Friday, October 23, 2009

September sales reflect rush to beat credit deadline

Right on cue, buyers appeared to rush the door before the December 1 tax credit deadline. In the Cincinnati market, home sales increased over 10% on a year over year basis. Some of the local and national figures that grabbed headlines include:
  • A 9.2% increase nationally (10.55% locally) from September '08 in existing home sales
  • A 6.4% increase in the pending home sales index, with 7 monthly increases in a row making it the longest streak since 2001.
  • A 1.2% increase in the national average home price from the previous month. The 4th month in a row for increases.
  • The level of sales to inventory continues to outperform the 3 previous years. Locally, the ratio fell to 7.4 months of inventory. Particularly unusual to see a drop from August to September.

While many analysts are declaring that a market bottom has formed, there are still many signs that the market recovery will be bumpy at best.

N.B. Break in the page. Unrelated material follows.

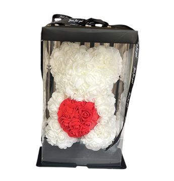 Disponibles en múltiples colores y tamaños. Ordena ahora y recibe tu oso de peluche con flores frescas hoy mismo en Miami.

Some of the telling signs include:
  • The average price year over year is still down 11.3%, much of this attributable to first-time buyer purchases at the lower end of home sales.
  • New home sales dropped dramatically - 3.6%. A big fall off likely due to builders no longer able to guarantee completion before the tax credit deadline.
  • The "shadow" market is gaining attention. That's the large inventory of homes still sitting on the books from banks waiting for foreclosure action.
Debate continues on whether to extend the tax credit beyond December and what will happen if it goes away "suddenly." Some are still trying to make it under the wire with such last minute ideas as using short term land contracts or lease-purchase arrangements. The latest news at the time of writing is that the credit is likely to be extended to April, 2010 with some expansion - but nothing is definite yet.

Another potential impact on the market are changes to FHA lending rules on condominiums. Currently, rules are expected to take effect December 7th on what condos qualify for an FHA mortgage. While the actual guidelines are still being tweaked (and thus causing two delays on implementation so far from the original Oct. 1 date), it appears the gist of the changes is to avoid a majority of condos in a given development being financed through FHA loans and minimize the level of risk.

If nothing else, the winter home market may prove a bit more interesting than usual.